Bribery, which most of us recognise as a crime, rarely requires money in brown envelopes, and in economics, we talk about the exchange of rents.  In a dictatorship terror and a lack of real, accessible records may be all that is needed for the powerful to fill their boots and off-shore accounts.  In our ‘democracies’, the crime and syndicates are still present, but have to proceed in different ways – burglary to shoplifting if you like.

I’m all for stripping down our institutions (but presumably not real capital like hospitals?), but not without some pointers from history that the defaults we tend to are no better than before.  I don’t tend to the facile notion of an underlying human nature that is good.  The eventual question is whether we can establish a healthier and happier society without the current crookerys of high finance and political corruption.  We have the technology to rebuild.  What we lack is both a substantial knowledge of what really goes on in the current mess, and what a mess we’d make of it if we just change the personnel.

Most people would be shocked by what can be found, well-argued, by academics and reporters who don’t expect answers to be found outside Number Ten, pouting and hanging about in overcoats.  Most of us understand burglary as something like some scuzz in a striped sweater leaving our house with a bag of swag (this is actually inadequate).  We know much less about political contributions and how interests that make them are ‘paying to play’ and a whole series of ‘rent exchanges’ occurs in all sorts of government-banking-commerce stuff.  The idea is not ‘to read and go Marxist’, but to have more of the information available in understandable form for us all.  On my reading, the crookery is everywhere and the main reasons for all the transactions going on per real trade (more than 100 to 1) is now parasitic and we get little benefit from the parasite.

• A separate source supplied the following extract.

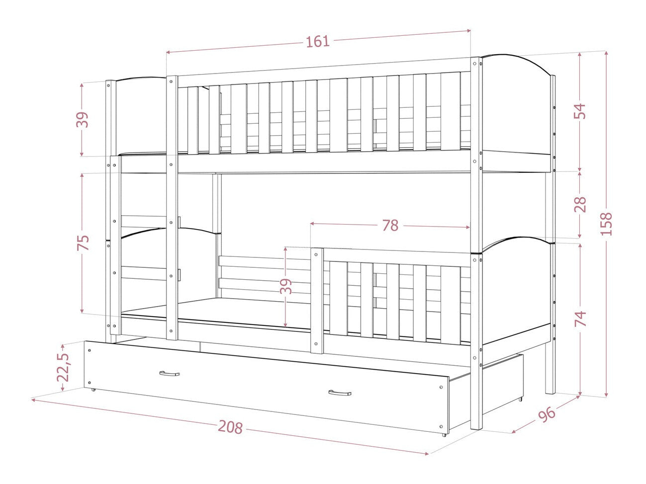 - Tipo de cama: De dos pisos

Simple relations in economics disappeared long ago.  We might better understand it through the metaphor of crookery.  This is all so ‘left-wing’, Niall Fergusson is published on it in the Daily Mail – http://www.dailymail.co.uk/debate/article-1190197/Corrupt-amoral-politicians-An-economy-sinking-terrifying-debt-And-people-enraged-Britain–lesson-chill-all.html

A ten minute Google spin provides the links below, the university library hundreds more to papers and books.

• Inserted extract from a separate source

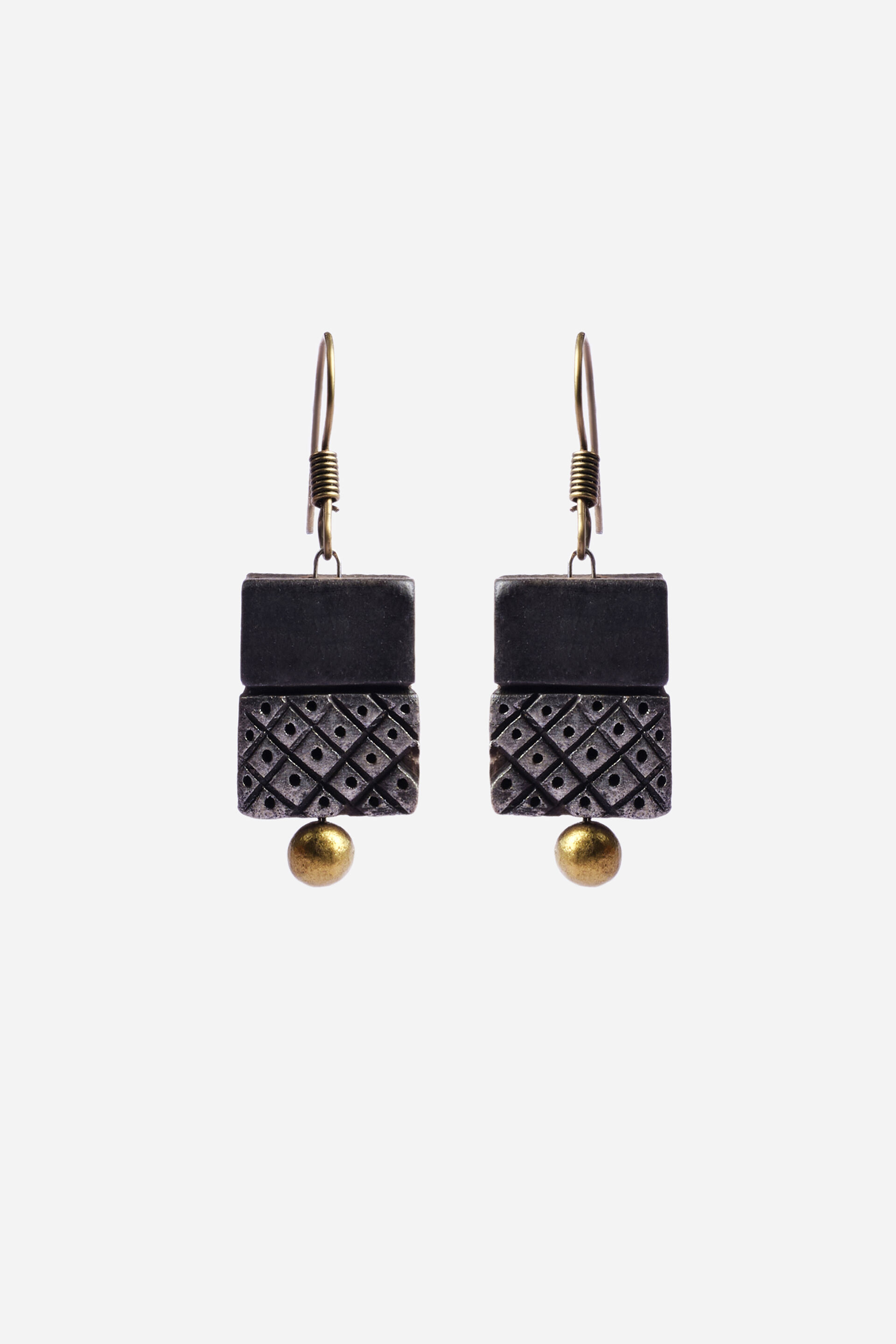 Elegant danglers in deep grey tones, crafted from clay, thread, and brass with a hook closure. Lightweight and eye-catching, they’re perfect for adding a festive sparkle to your evening look.

http://www.standpointmag.co.uk/node/2168/full online radical paper

http://www.countrydoctor.co.uk/politics/politics%20-%20Government%20corruption.htm

http://www.newstatesman.com/uk-politics/2010/11/pilger-britain-british

http://globalization.icaap.org/content/v2.1/07_fitzsimons.html

http://www.seangabb.co.uk/?q=node/424

http://www.slideshare.net/samvaknin/corruption-and-financial-crime

http://www.biblebelievers.org.au/bb980311.htm not what it sounds like

http://www.fas.org/news/russia/2000/russia/part07.htm

http://news.myjoyonline.com/business/201010/53677.asp

http://www.craigmurray.org.uk/archives/2010/02/the_uk_and_corr.html

http://www.rollingstone.com/politics/news/12697/64833

http://repeatingislands.com/2010/06/01/turks-and-caicos-islands-an-economic-free-for-all-amidst-corruption/

 

One might wonder why our mainstream public dialogue is not full of the ideas and their contestation.  We are uneducated is why, thick as two short planks by the time we leave school, either because parents have clapped us regularly round the head with the planks or we have listened to what teachers are allowed to tell us.  Soon, you might have to do some Army time to teach.  Any real world time is likely to help.  My old man was a sqaddie convert, so the idea ain’t new.